Please produce an exact transcription of the lines from the one containing "The paint is" through the last line of the entries, leaving out every picture.

__Records to process__:
%%
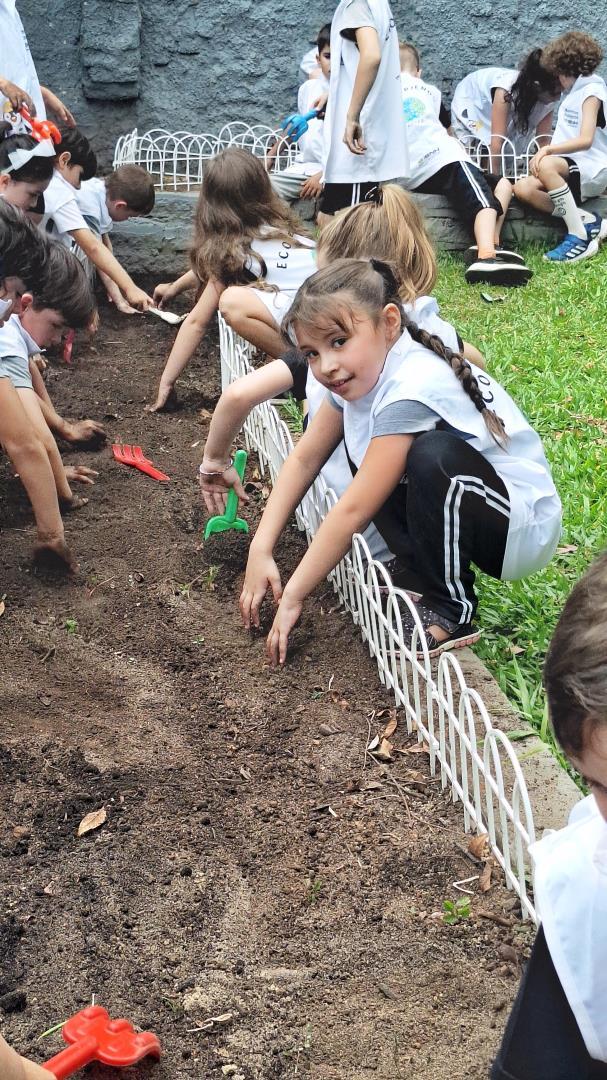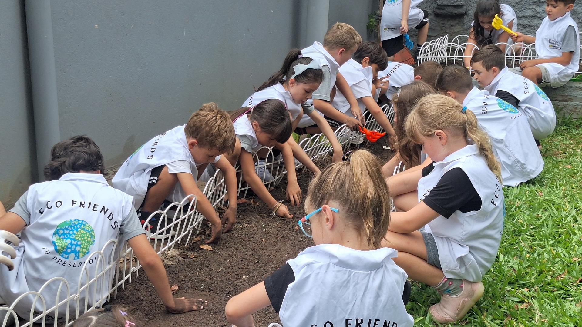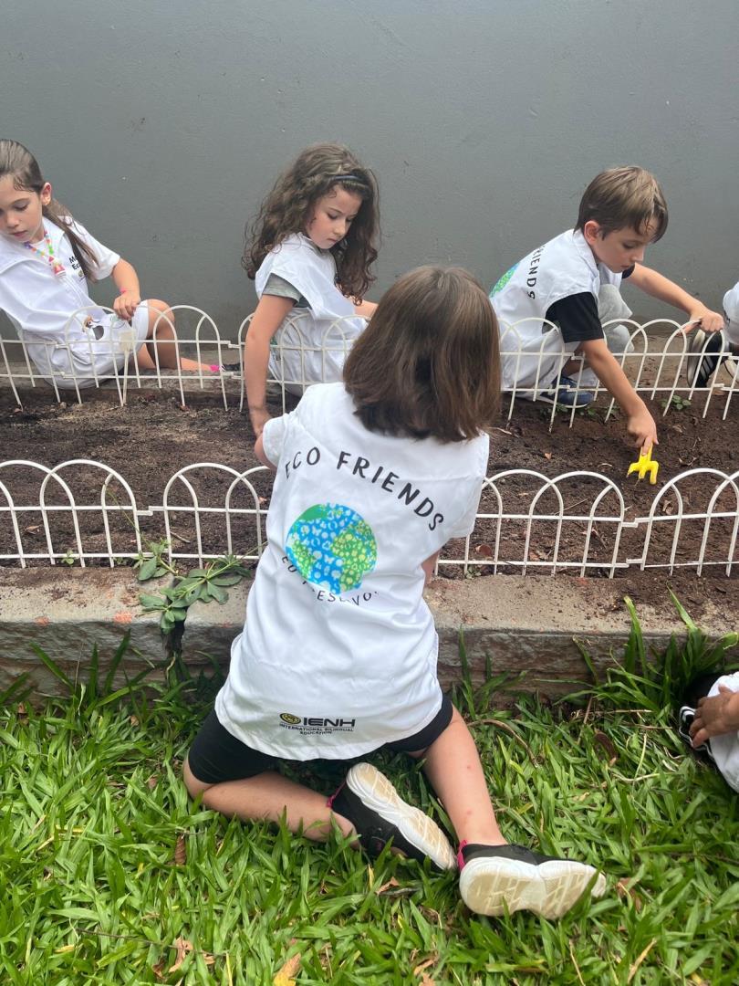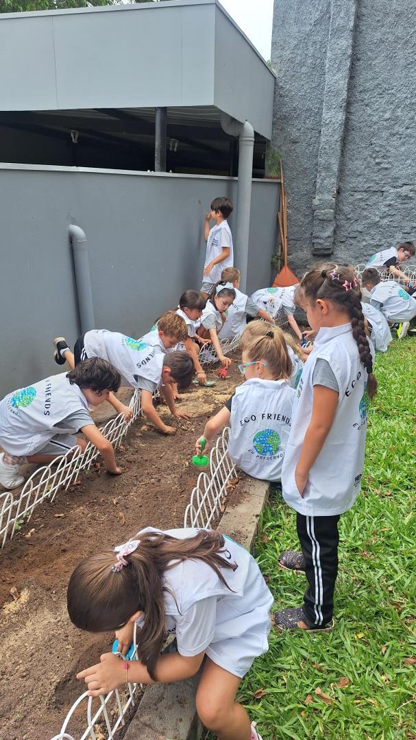 Os Eco Friends tiveram papel de destaque ao exercerem liderança e responsabilidade, auxiliando os colegas e incentivando o cuidado com o meio ambiente durante todo o processo. Além disso, os estudantes participaram ativamente do manejo da horta, realizando ações como mexer a terra, adubar e regar.
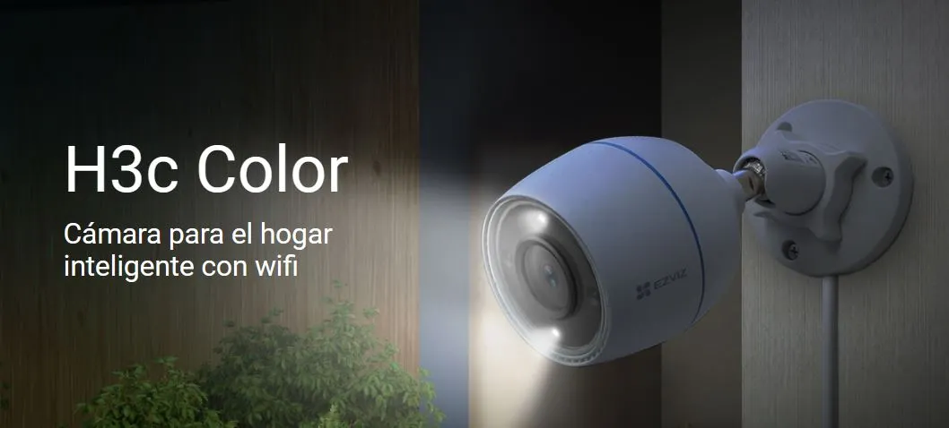 Cámara wifi EZVIZ H3C de 2mp full HD 1080p una cámara inteligente que incluya todas las funciones esenciales para invertir bien su dinero. La cámara es fiable en todos los aspectos principales, ya que cuenta con visión nocturna en color, carcasa con diseño resistente a la intemperie IP67, detección de la forma humana con tecnología de IA y gran capacidad de almacenamiento local. Tanto de día como de noche, la H3c Color puede proteger bien su hogar.
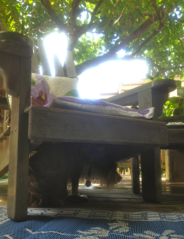 This morning I tended the basil, pinching off the flowers from most of the sweet herb because I want to use it instead of letting it go to seed. I left some of the flowers on the plant for the bees. Everyday I check the side yard to see if any of the avocados from my neighbor’s tree have fallen, and to pick up and toss old breadfruit leaves from the ground. I strip off the bottom layer of all the ti leaf plants that I’ve cultivated mostly to make lei. The kou tree, planted for its shade and orange lei flowers, makes a lot of rubbish with its palm-size leaves and ball-bearing-like seeds, so there’s raking to do. Looking up, I see the avocado tree is finally flowering!
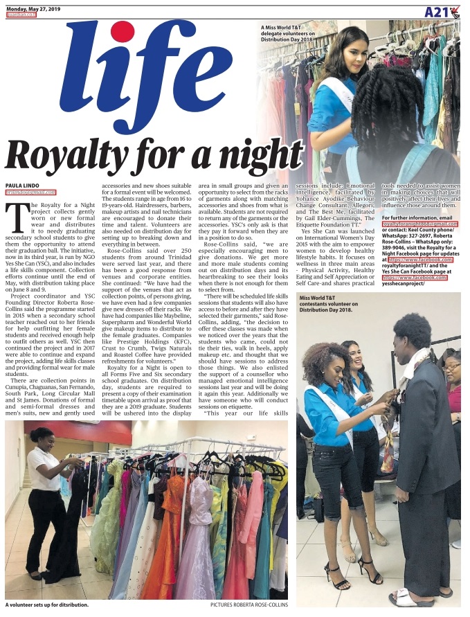 For further information, email royaltyforanight868@gmail.com or contact: Keel County phone/WhatsApp: 327-2697, Roberta Rose-Collins – WhatsApp only: 389-9046, visit the Royalty for a Night Facebook page for updates at https://www.facebook.com/royaltyforanightTT/ and the Yes She Can Facebook page at https://www.facebook.com/yesshecanproject/.
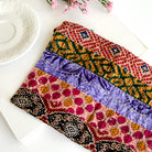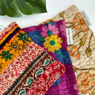 Crafted from recycled Sari and Kantha textiles, the Multi-Use Cloth features a loop for hooking it onto a cupboard knob or hook. This unique item boasts a patchwork of repurposed fabrics on the front, plus a single fabric on the back. Ready, set, clean up spills, wipe down surfaces, and dry off dishes – all without whipping out single-use paper towels. Each cloth is one-of-a-kind with its own colors and patterns.
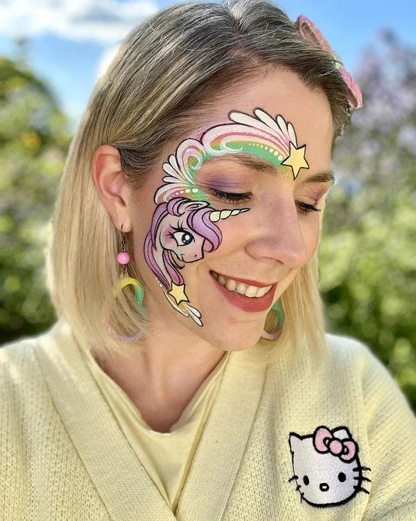The paint is activated with water, glides smoothly over the skin and dries quickly without smudging. Thanks to the high pigmentation, the colors are super vibrant, even with just one layer. Ideal for everything from rainbow designs, unicorns and flower crowns to cute animals and fairytale-inspired looks. And yes, it’s also suitable for sensitive skin!
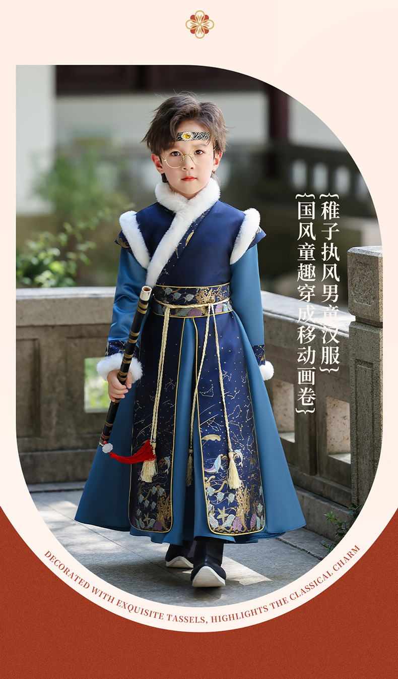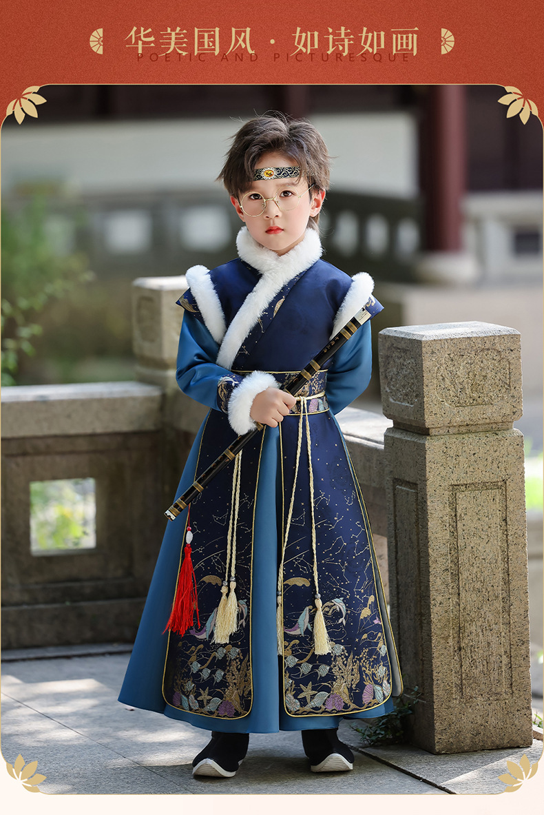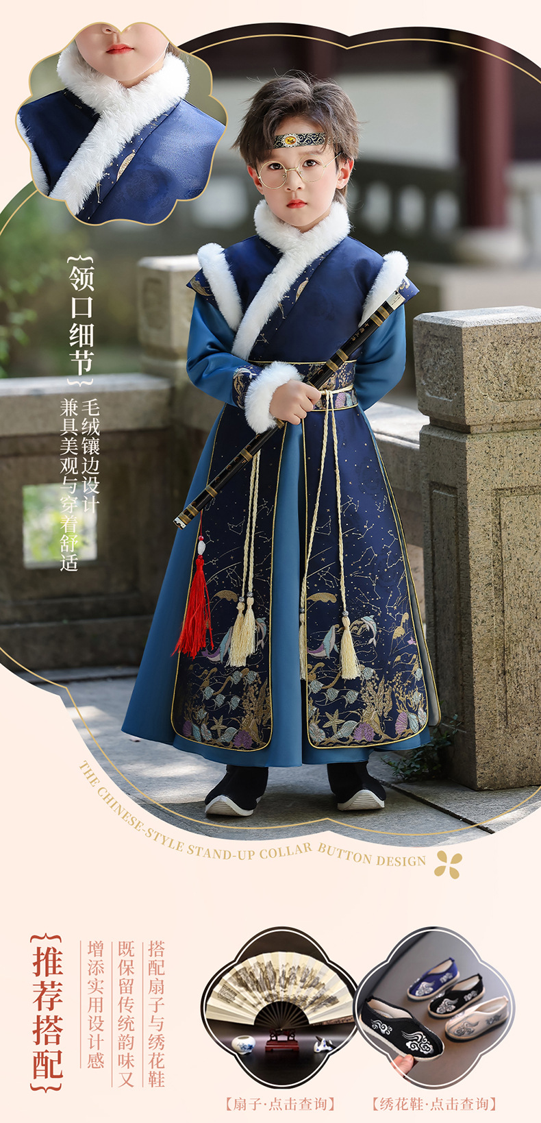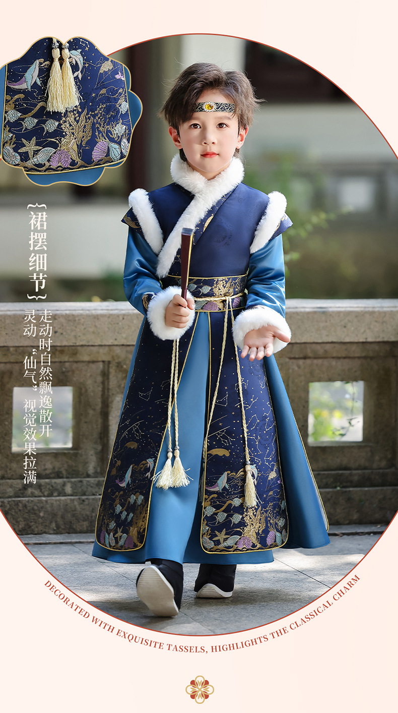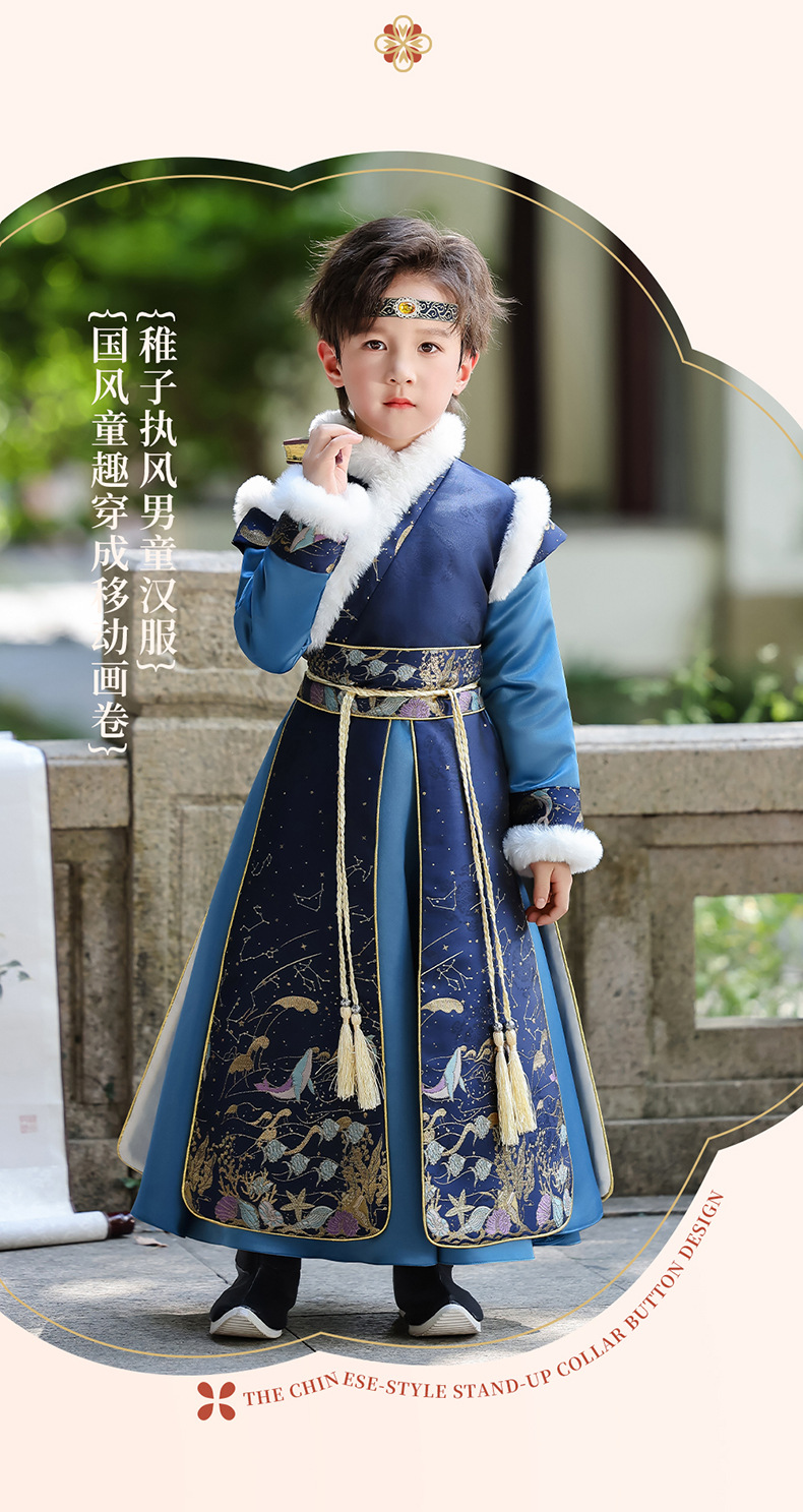 Детский осенне-зимний костюм танг для мальчиков, ханфу на Новый год, зимняя китайская древняя одежда
%%
__Answer to the exercise__:
The paint is activated with water, glides smoothly over the skin and dries quickly without smudging. Thanks to the high pigmentation, the colors are super vibrant, even with just one layer. Ideal for everything from rainbow designs, unicorns and flower crowns to cute animals and fairytale-inspired looks. And yes, it’s also suitable for sensitive skin!
 Детский осенне-зимний костюм танг для мальчиков, ханфу на Новый год, зимняя китайская древняя одежда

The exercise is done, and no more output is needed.